Martin W. Stallings, MD, FAAPKings Mountain Pediatrics; Kings Mountain, NC 28086, USA
To the Editor.—
The recent clinical report in the July 2003 issue of Pediatrics "Position and Management of Skull Deformities in Infants" is interesting and informative. It is intriguing that the simple policy of babies sleeping on their backs can have such a profound effect on decreasing sudden infant death syndrome (SIDS). One cannot help but wonder what other factors in our lives may be causing a significant illness or morbidity. We have learned that changing the sleeping position to decrease SIDS causes another abnormality—positional skull deformity. This is an easy trade-off that we gladly accept to prevent such a horrendous illness as SIDS.

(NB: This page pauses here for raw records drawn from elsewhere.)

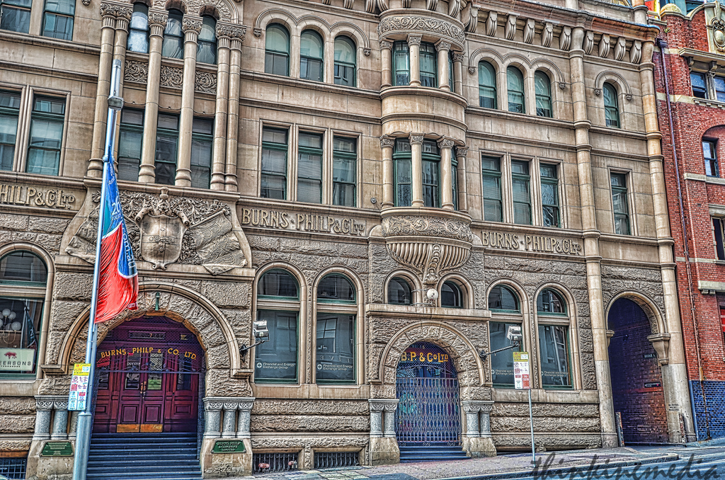 Burns Philp building (edited with colour enhancement).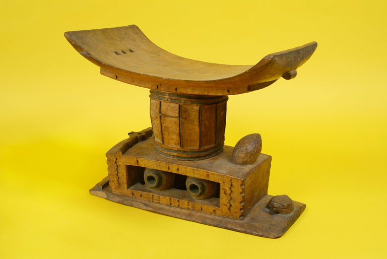 Queen Mother’s stool in the permanent collection of The Children’s Museum of Indianapolis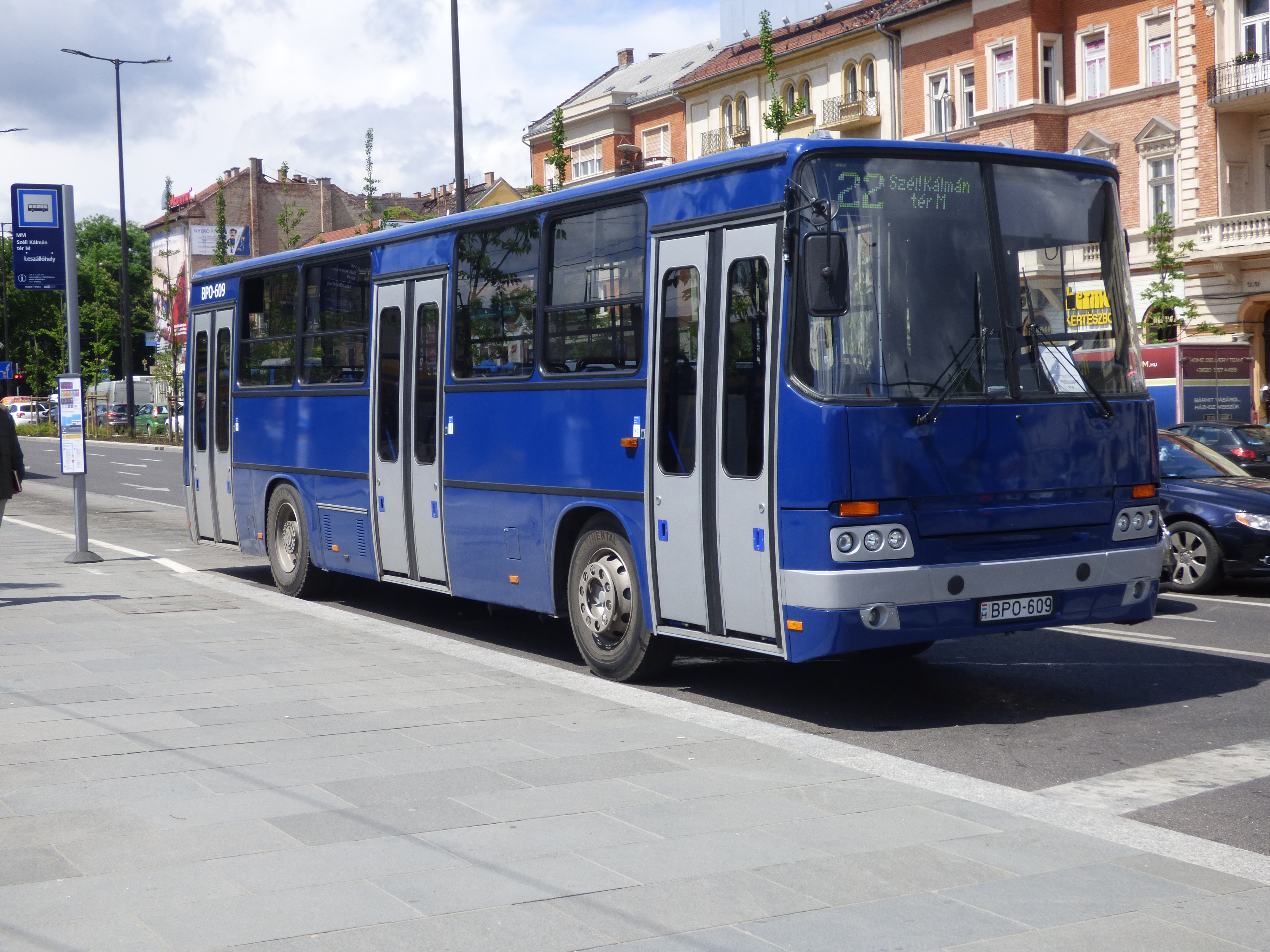 Ikarus 260 replacement bus (reg. BPO-609) on line number 22 (Budapest).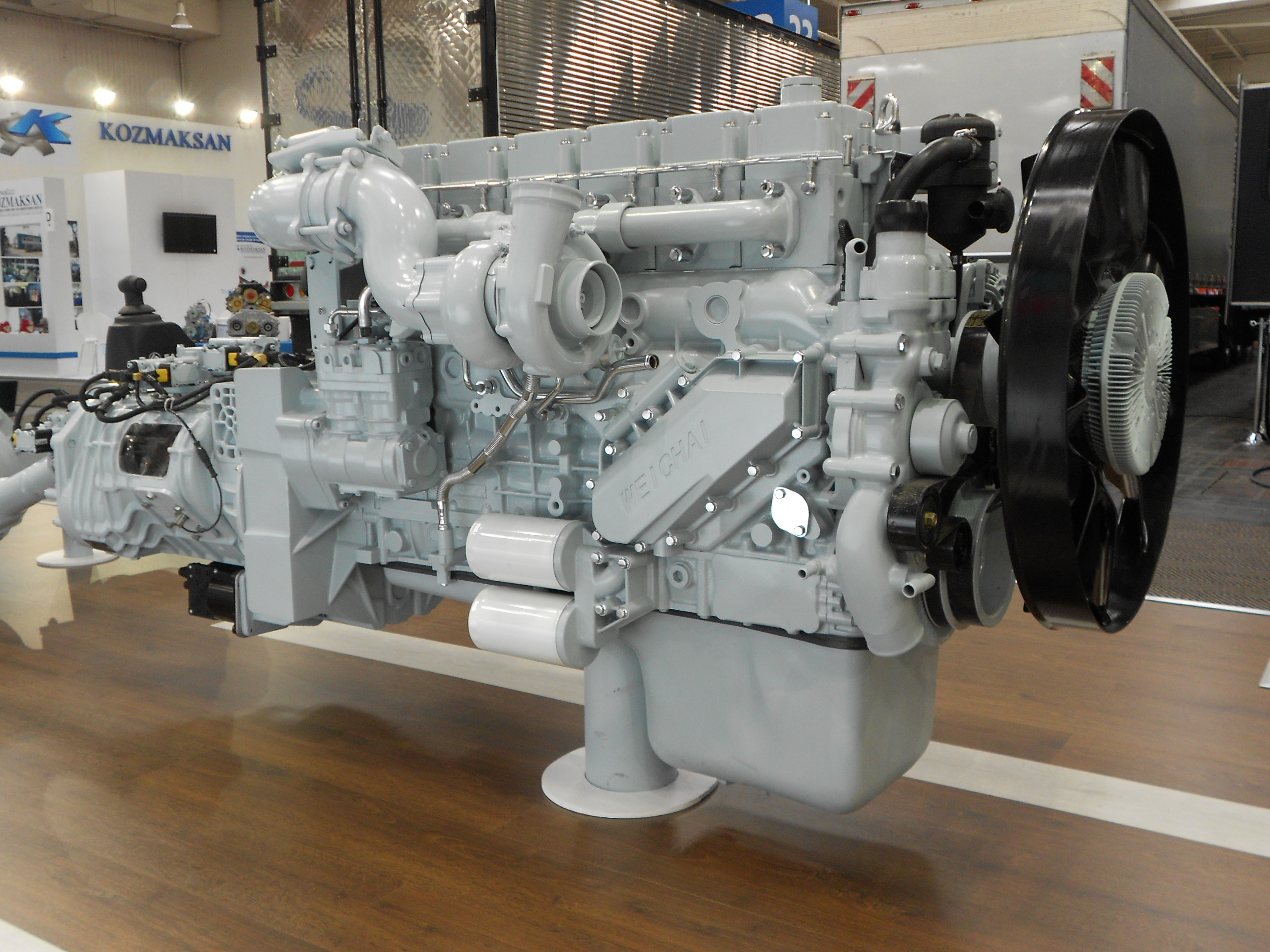 Weichai WP 12 engine. Main application: Heavy Duty Trucks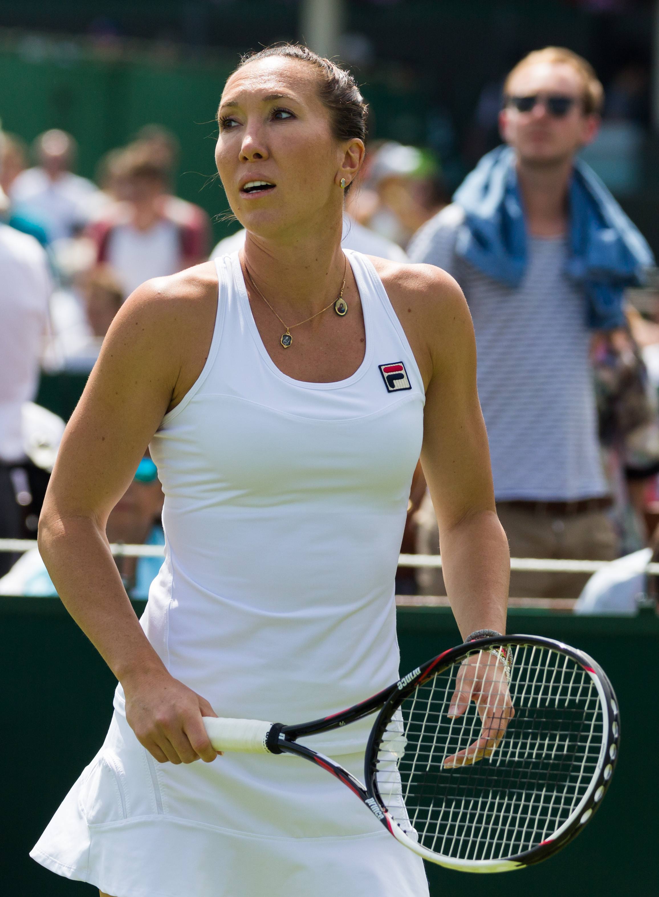 Jelena Janković competing in the first round of the 2015 Wimbledon Championships.

I propose that there is another pediatric abnormality that is affected by the "Back to Sleep" policy but in a favorable manner. This is metatarsus adductus, a once-common finding on routine physical examinations but now, in my experience, very uncommon. With children now sleeping on their backs, the feet are free to assume the normal position, dictated by normal growth after being cramped and possibly adducted in utero. When babies sleep on their abdomen, the feet are often tucked inward due to the normal flexing of the hips, knees, and ankles. This puts inward torsion on the forefoot, which promotes it to become adducted or to maintain the previous in utero-acquired adduction. Colleagues whom I have informally queried agree with the decreased incidence of metatarsus adductus. Studies could and should be done to confirm and quantitate this decrease.

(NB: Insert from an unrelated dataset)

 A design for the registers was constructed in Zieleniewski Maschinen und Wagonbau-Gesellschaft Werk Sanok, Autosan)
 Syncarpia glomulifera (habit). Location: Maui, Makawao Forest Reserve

Once again, if confirmed, this makes us aware that changes we may recommend in one’s life may affect other aspects that are unanticipated. As guardians of children’s health, we should always be alert to this possibility.
John Arthur Persing, MD
Yale Plastic Surgery; New Haven, CT 06510-3206, USA
In Reply.—
We have little comment on the letter by Dr Martin Stallings, because we did not study this condition.
However, a number of colleagues have noted a similar reduction in incidence of metatarsus adductus with the supine sleep-positioning recommendations. It might be worth additional, separate study to clarify the issue further.

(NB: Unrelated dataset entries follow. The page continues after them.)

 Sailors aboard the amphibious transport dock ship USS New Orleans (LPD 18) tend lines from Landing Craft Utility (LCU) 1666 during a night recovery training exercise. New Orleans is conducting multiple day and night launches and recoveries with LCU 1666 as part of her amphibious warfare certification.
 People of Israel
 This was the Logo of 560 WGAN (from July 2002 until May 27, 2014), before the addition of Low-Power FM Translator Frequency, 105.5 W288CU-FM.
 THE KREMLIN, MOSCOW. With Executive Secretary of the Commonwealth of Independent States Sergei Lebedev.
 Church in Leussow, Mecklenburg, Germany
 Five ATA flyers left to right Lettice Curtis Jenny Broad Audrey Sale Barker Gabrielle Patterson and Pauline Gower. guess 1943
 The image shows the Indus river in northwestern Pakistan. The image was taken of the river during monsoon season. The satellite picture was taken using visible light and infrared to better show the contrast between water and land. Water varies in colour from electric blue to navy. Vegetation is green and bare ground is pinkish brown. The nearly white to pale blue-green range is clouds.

We would caution Dr Stallings, however, that one of the main points of the paper was not that we should accept a skull deformity for anti-sudden infant death syndrome (SIDS) development. (Dr Stallings notes that we would readily accept some deformed skulls in order to reduce the likelihood of SIDS.) We would agree if this were the only alternate option. However, we can largely prevent skull deformity by simple measures such as alternating the head position on a nightly basis from the first day of life and still get the benefit of supine positioning-related SIDS reduction.
Peter D. Rappo, MD, FAAP
Department of Pediatrics; Harvard University School of Medicine; Brockton, MA 02301, USA
To the Editor.—
I read the report entitled "Prevention and Management of Positional Skull Deformities in Infants"1 in the July 2003 issue of Pediatrics with interest. The American Academy of Pediatrics has provided a useful summary to primary care clinicians regarding the diagnosis, evaluation, and management of a clinical problem with an apparent sixfold increase in frequency since the implementation of the "Back to Sleep" campaign. I feel compelled, however, to comment on some practical issues that are likely to be confronted by pediatric generalists as they implement management strategies for patients who have positional plagiocephaly. Although parents in suburban practice are knowledgeable about the current sleep-position recommendations, it is apparent that these recommendations are not universally followed among providers of day-care services and within certain ethnic communities, thus demonstrating differential rates of plagiocephaly depending on the acceptance of the initial positioning guidelines. Although preventive counseling, mechanical adjustments, and exercise are logical interventions, there is a surprising reluctance for parents to position their children in a supine fashion, even when the children are awake. If clinicians accept that most children do not have a true restrictive torticollis, there may still be some resistance to motion as the caretaker attempts to move the infant’s head through a 180° arc. This statement would have been additionally helpful if it had recommended an increased frequency of visit follow-up to assure compliance with and improvement from an exercise program. A particularly distressing personal experience has been the seeming unwillingness of pediatric physical therapists to train or encourage parents in an appropriate exercise-management program.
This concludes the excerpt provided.